Data items
++++++
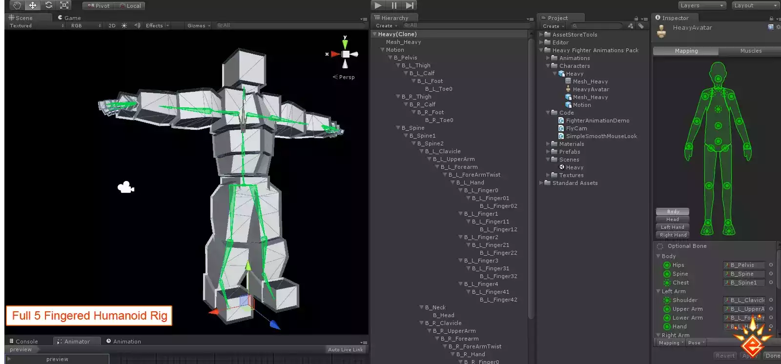 -Полный скелет гуманоида-меканима с полной поддержкой руки на 5 пальцев.
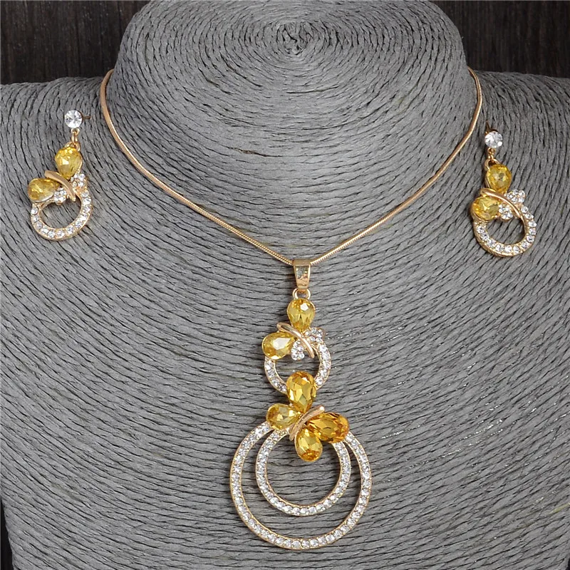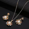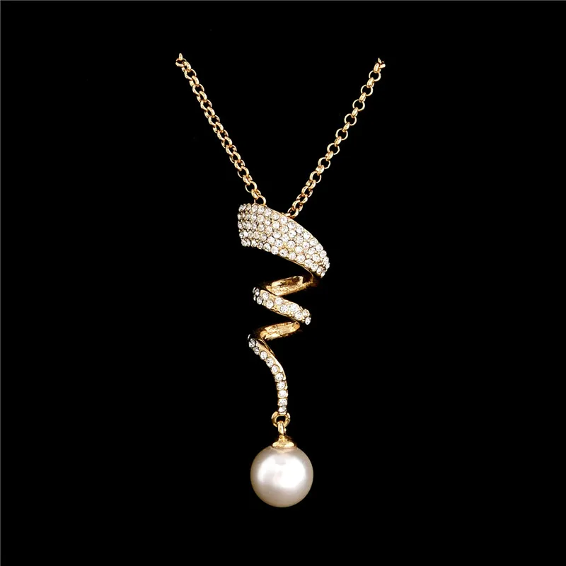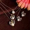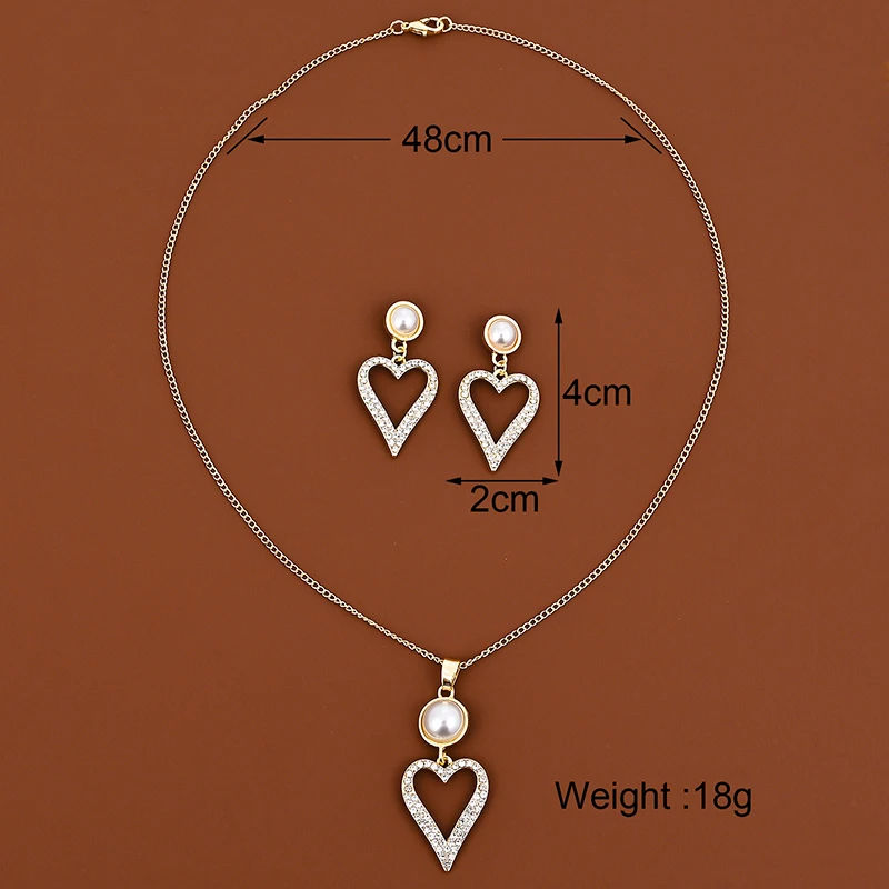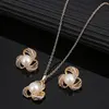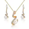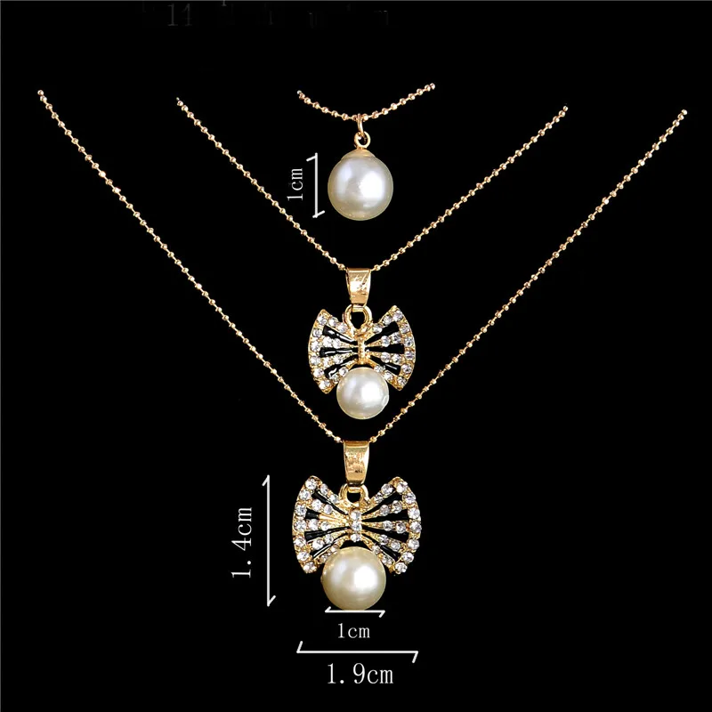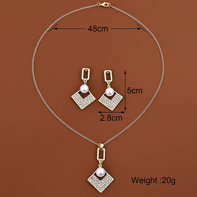 Fleepmart Classic Imitation Pearl necklace Gold Color jewelry set for women Clear Crystal Elegant Party Fashion Costume Christmas Gift
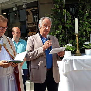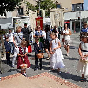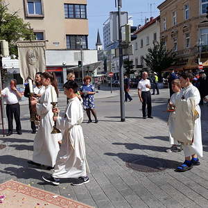 Das Fronleichnamsfest wurde eröffnet mit einem Festgottesdienst unter der Leitung unseres Pfarrers Mag. Niko Tomic und Kurat Karl Kirchweger, musikalisch gestaltet von Bläsern der Eisenbahnermusikkapelle unter der Leitung von Wolfgang Homar, an der Orgel Verena Homar.
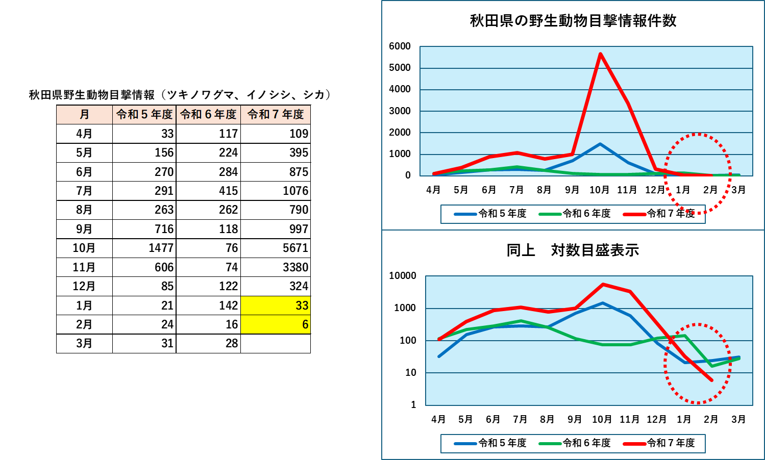 目撃情報は、クマ、イノシシ、シカの合計でそのほとんどクマです。秋田県の目撃情報は1月に入り激減しています。右上のグラフでは昨年、一昨年との比較が難しいので、その下に対数目盛表示も描いてみました。過去2年と比較しても1月および2月も平年並みになったと言ってもよいのではと思います。
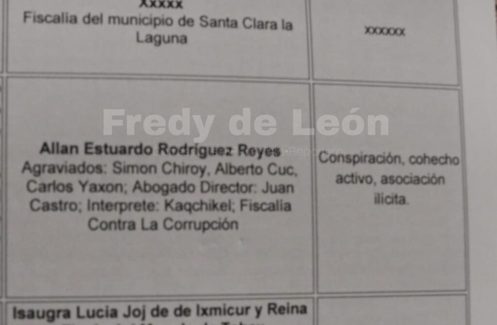 Este jueves, a las 13.30 horas, está programada una audiencia en el Juzgado de Primera Instancia Penal de Sololá, en contra del diputado distrital por este departamento, Allan Rodríguez Reyes, a quien se le acusa de haber cometido los delitos de cohecho pasivo, asociación Ilícita y conspiración.
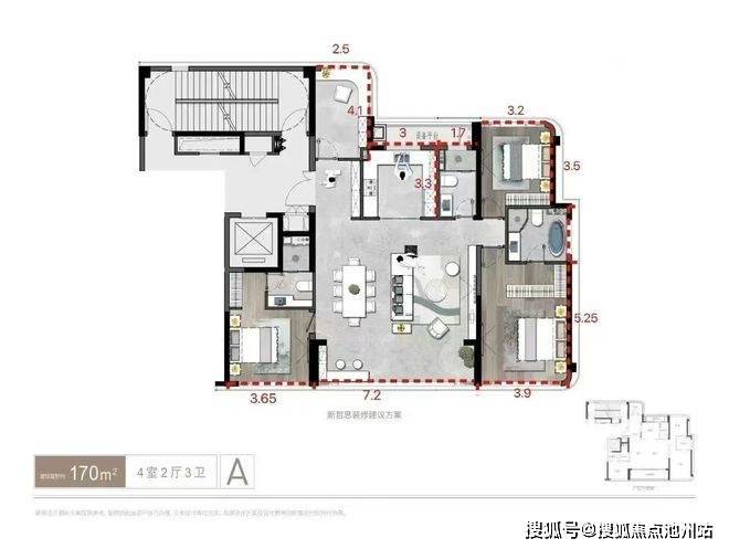 该户型建面约170㎡,南向面宽约14.75米,客厅开间约7米左右,空间尺度非常阔绰,居住体验可想而知,只可惜其“大面积、高总价”的门槛,却是让许多改善家庭渴望而不可及。
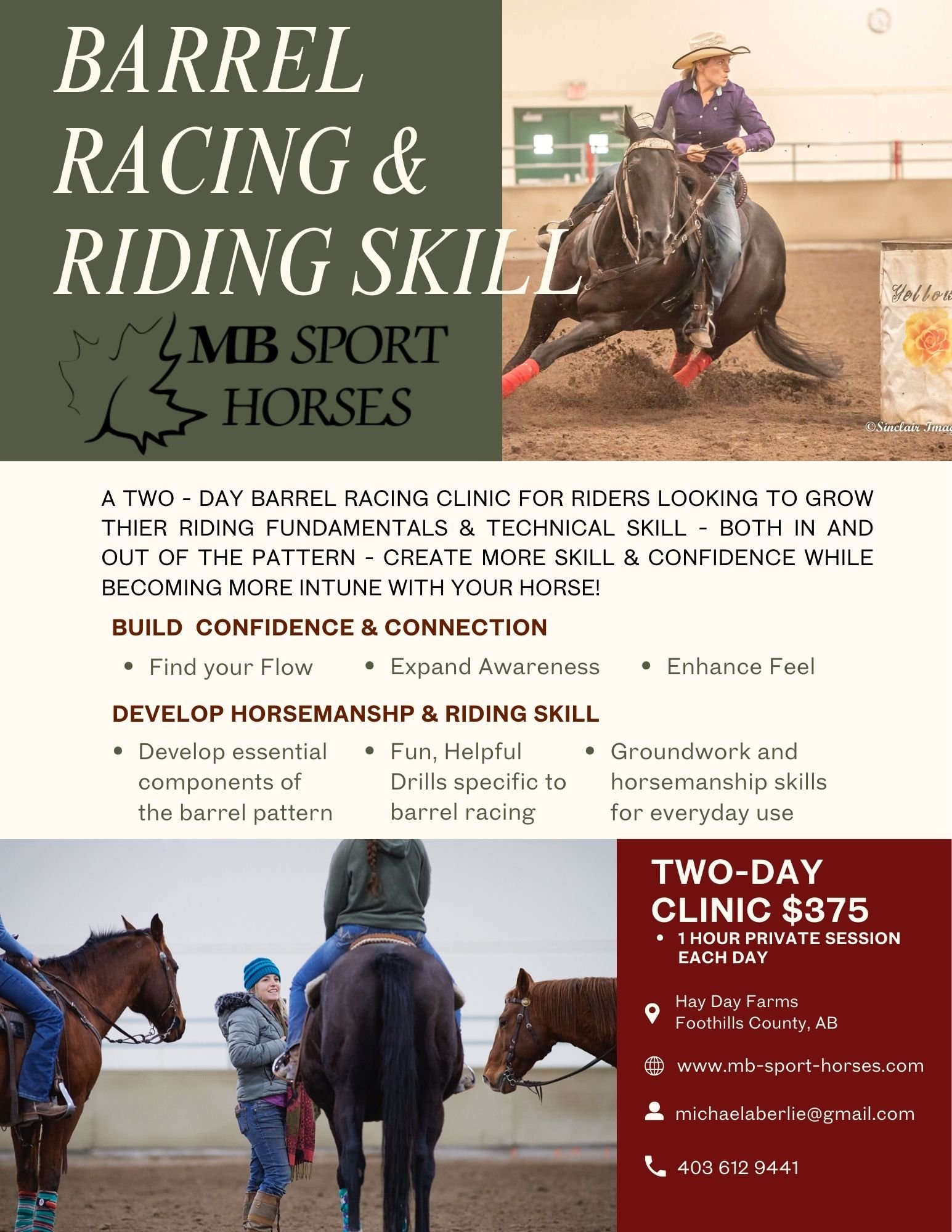 We offer clinics throughout the year at our private facility in foothills county and other arenas in the area. Take a look below for upcoming clinics!
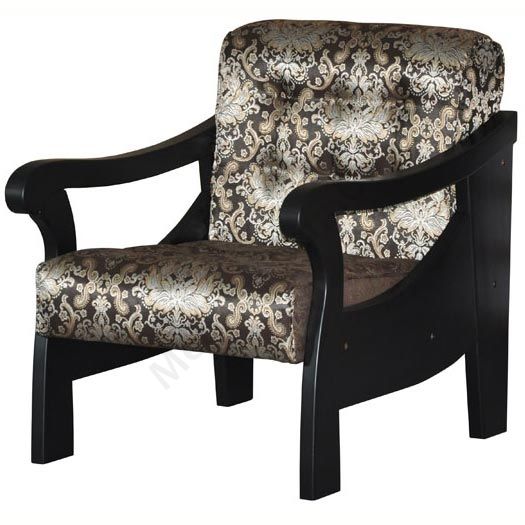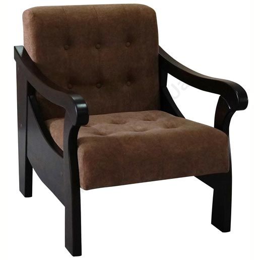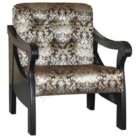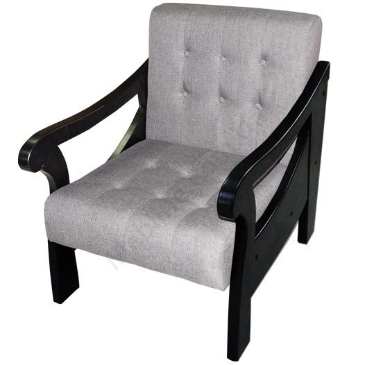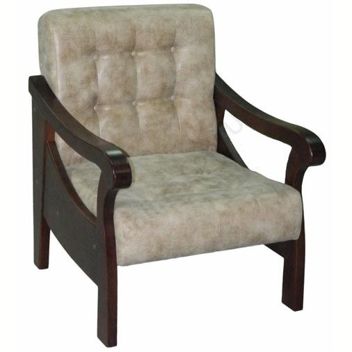 М’яке нерозкладане крісло з дерев’яними підлокітниками.
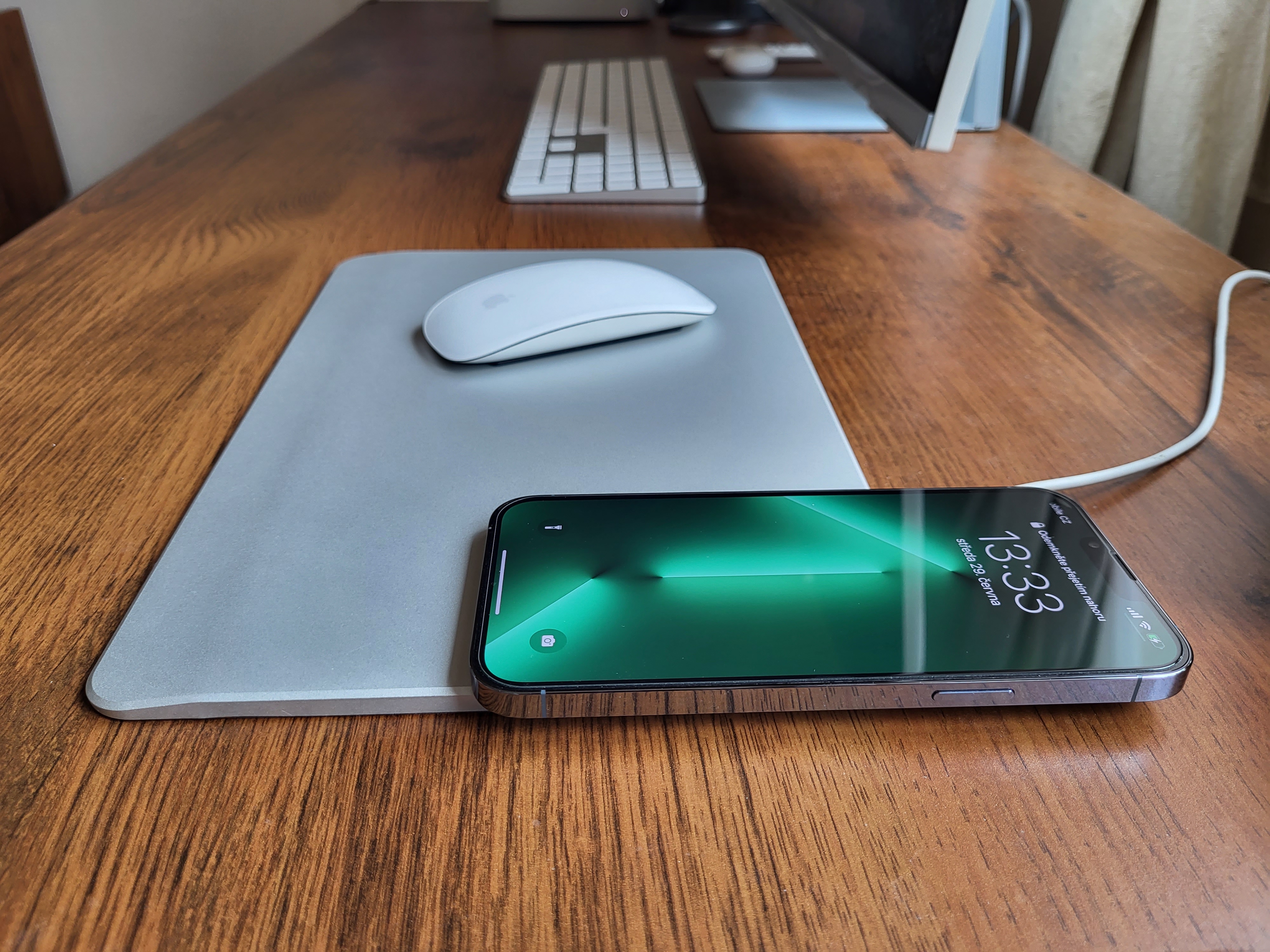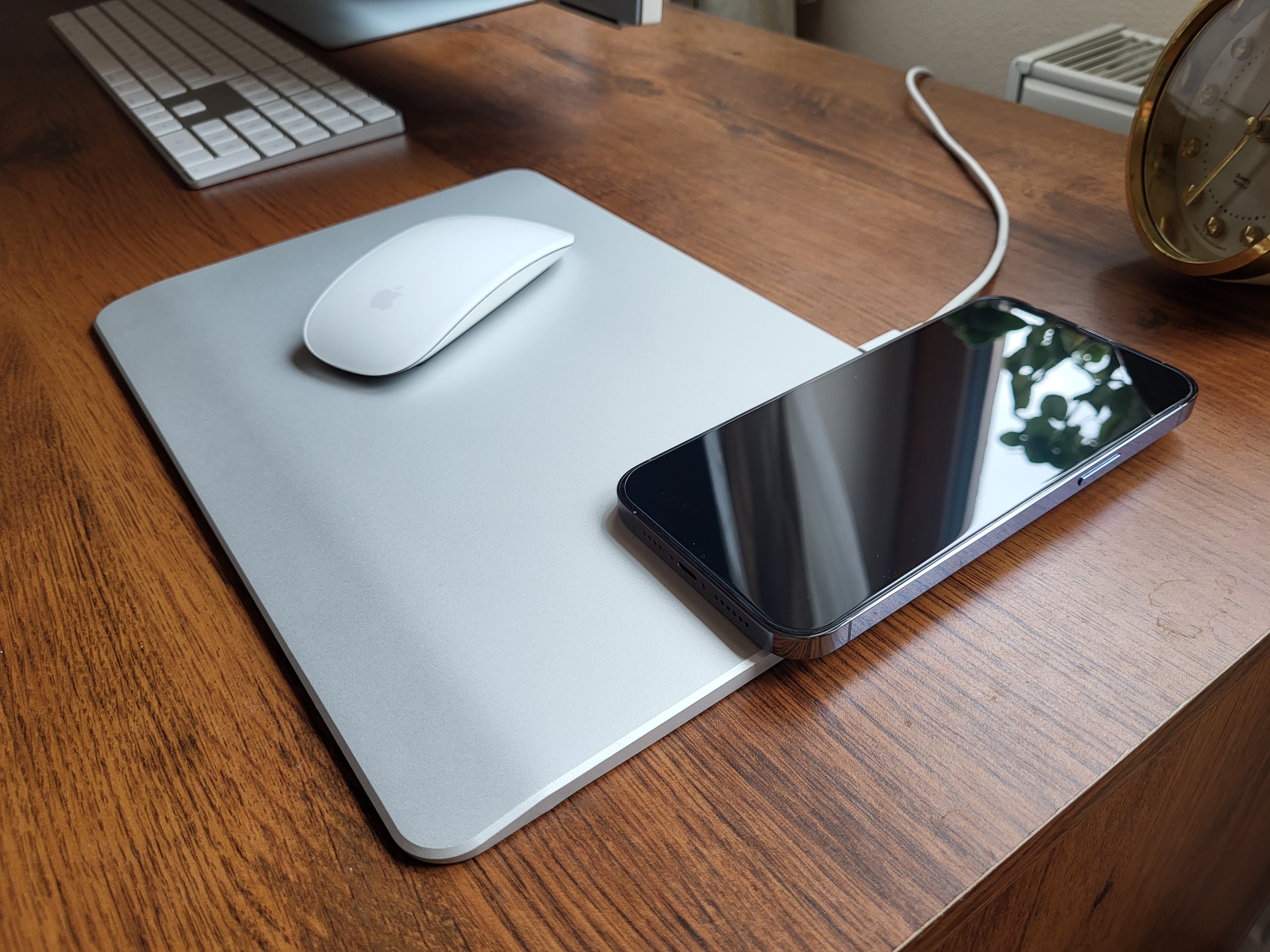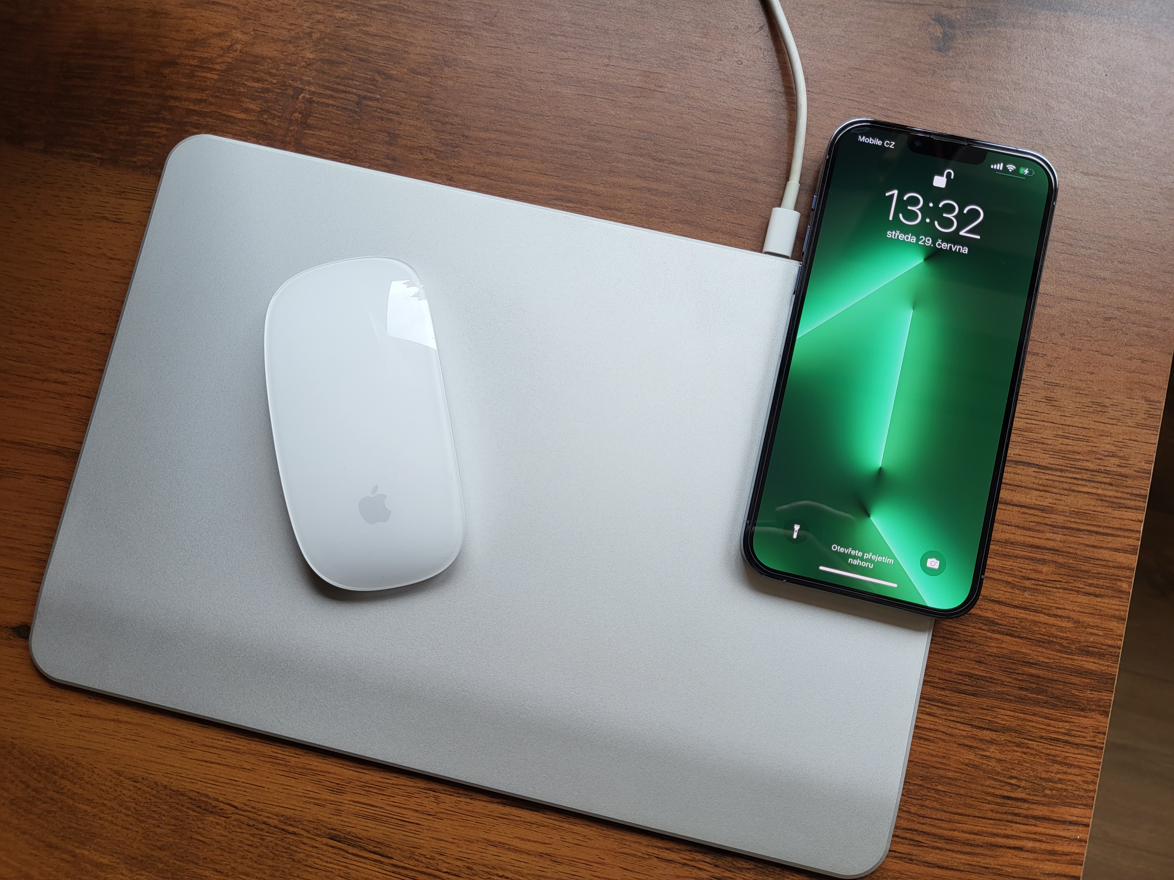 Protože je podložka skutečně rozměrná, rozhodně se vám nestane, že byste si do vedle položeného iPhonu nějak bourali. Ten máte tak pořád na očích a ostatně také po ruce, kdy stačí jen pustit myš a uchopit telefon. Pro mnohé to tak může být lepší řešení, jak různé MagSafe stojánky. Možná škoda jen metrového USB-C kabelu, který nemusí vždy dosáhnout až do zásuvky u země, my jej nicméně zapojili do monitoru, takže na takovou vzdálenost je ideální.
++++++
## Problem statement
Starting at the line that contains "М’яке нерозкладане крісло", please write out each line through the last line of the data, both ends included, and keep pictures out of the copy.

## Answer to this problem
 М’яке нерозкладане крісло з дерев’яними підлокітниками.
 Protože je podložka skutečně rozměrná, rozhodně se vám nestane, že byste si do vedle položeného iPhonu nějak bourali. Ten máte tak pořád na očích a ostatně také po ruce, kdy stačí jen pustit myš a uchopit telefon. Pro mnohé to tak může být lepší řešení, jak různé MagSafe stojánky. Možná škoda jen metrového USB-C kabelu, který nemusí vždy dosáhnout až do zásuvky u země, my jej nicméně zapojili do monitoru, takže na takovou vzdálenost je ideální.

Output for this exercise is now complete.